Viernes Santo austero

El cielo ofreció una tregua al Viernes Santo. Contra todo pronóstico se volvió azul y las nubes de lluvia dieron paso a unos impolutos cúmulos. Ayer los 11 pasos madrileños salieron a la calle para ofrecer su estación de penitencia. 

Era el día de Jesús de Medinaceli y del Cristo de los Alabarderos, los dos pasos más venerados del Viernes Santo. Paralelos en sus salidas y distantes en sus maneras. 
A las cinco de la tarde, el gentío bullía en los alrededores de la basílica del Cristo de Medinaceli, acercarse a la iglesia se convertía en una tarea imposible, no en vano es la imagen más reverenciada de la ciudad. Entre los fieles que querían verlo salir (el año pasado la lluvia lo impidió) y los penitentes que se acercaban para alcanzar su sitio, la parte baja del Madrid de las Letras rezumaba vida. Ver la salida del paso iba a ser una empresa imposible. 

Por el contrario, a las cinco y media, la plaza de Oriente albergaba a un grupo accesible de fieles entremezclado con turistas que, con la guía en la mano, esperaban ver la salida del Santísimo Cristo de los Alabarderos. «Dice la guía que es una procesión espectacular», explicaba una joven americana. Portugués, inglés, rumano, incluso, árabe, frente a la puerta del Príncipe del Palacio Real la Torre de Babel resucitaba. Había expectación, pero no era lo mismo. 

Los miembros de la Guardia Real goteaban poco a poco. Al mismo tiempo que la plaza iba tragando gente.

«Esto no va a salir a las siete en punto», se quejaba una señora que ya no cumplirá los 70 y que llevaba allí desde las cinco de la tarde. «No están los caballos y hasta que no lleguen los caballos aquí no pasa nada». Pero los caballos nunca llegaron, parece que la crisis también transita por estos pagos. A las siete en punto se abrió la Puerta del Príncipe y el silencio se apoderó de la plaza. Con una austeridad ejemplar, los nazarenos fueron tomando posiciones y luchando contra el frío viento que se empeñaba en apagar sus cirios. 

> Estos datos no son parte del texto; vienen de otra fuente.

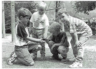
Die kleinsten Redakteure haben ein (Zeitungs-)Entlein entdeckt.

sem Erfolg verkauft werden, und alle sind sich einig, dass man sich auch nächstes Jahr wieder zur Realisierung eines solchen Projektes tref-fen wird.
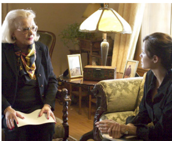
2004 DESTINS VOLÉS (Taking Lives) de D. J. Caruso avec Angelina Jolie
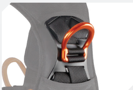
PUNTO DE ANCLAJE DORSAL POR "D" EN ALUMINIO
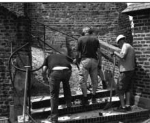
Op zoek naar de fundering van de grote toren.

versteft voor een veilige verdere ontgraving. Er is nog 6 m te gaan! Momenteel wordt aan deze constructie gewerkt. Onze vrijwilligers en amateurarcheologen zijn heel benieuwd wat ze daar tegen zullen komen! In februari hoopt men deze klus geklaard te hebben.

Los hombres y mujeres de trono (los que llevan al Cristo o a la Virgen apoyando el varal sobre el hombro) se agachaban para poder sacar el trono. Un tímido aplauso les recibía desde la plaza, ni un viva, ni nada más. Tres flautas y tres tambores por banda entonaban el himno nacional. El Cristo de los Alabarderos ya estaba en la calle. 
«Por todos los fallecidos de la Guardia Real», gritaba el capataz mientras bailaban el trono. «Derecha adelante, izquierda atrás», un tono adusto guiaba a la Guardia Real. El Cristo alcanzaba la catedral de la Almudena mientras se cerraban las puertas del Palacio Real. «¿Y la virgen?», se preguntaban los turistas. No hay respuesta a esa pregunta, nadie sabía por qué María Santísima Inmaculada de los Ángeles no estaba en la calle. 

Pasadas las siete y media, la plaza de Oriente vomitaba al gentío hacia la Puerta del Sol, hormigueando la calle Arenal hasta darse de bruces con el Oso y el Madroño. Jesús de Medinaceli subía por la carrera de San Jerónimo para girar en Sol hacia Alcalá. Sí, otro que también estaba en la calle, pero al contrario que el paso anterior, el trono iba precedido por una marea morada de nazarenos y penitentes cuyo hilo musical era lo más parecido al gorgoteo de una fuente. La distancia y la muchedumbre no dejaban ver más. «¿Qué es ese sonido?», preguntaba una joven turista a los de la primera fila. «El ruido de las cadenas de los penitentes al rozar con el asfalto», le contestaban. Jesús de Medinaceli asomó por la curva encabezado por tres bandas de música, tres bloques de camareras y cientos, o quizá miles, de encapuchados. Fueron más de 15 minutos pasando fieles encadenados y agradecidos. Los aplausos acompañaron, como una ola, a la talla del siglo XVII que iba sobre un trono con ruedas. 

Ahora, mientras el Cristo de Silencio, salía de la Iglesia del Santísimo Cristo de la Fe, en la calle Atocha y el paso de El Divino Cautivo, tallado por Mariano Benlliure en 1944, salía desde la Iglesia de Santa Cruz, sólo restaba cumplir la última penitencia de la noche, lograr salir con vida de la calle Alcalá para alcanzar Sol y regresar de nuevo la plaza de Oriente. El centro neurálgico de la ciudad, al paso de Jesús de Medinaceli, se transformó en un embudo atascado que no podía devolver a la masa ni hacia un lado ni hacia otro. Todo el mundo caminaba sin dirección. ¡Cuánto hay que aprender todavía de las procesiones andaluzas! Para evitar atascos humanos se crean carriles para peatones, unos de ida y otros de vuelta, así es imposible sentir el agobio de no saber hacia donde te lleva la marea.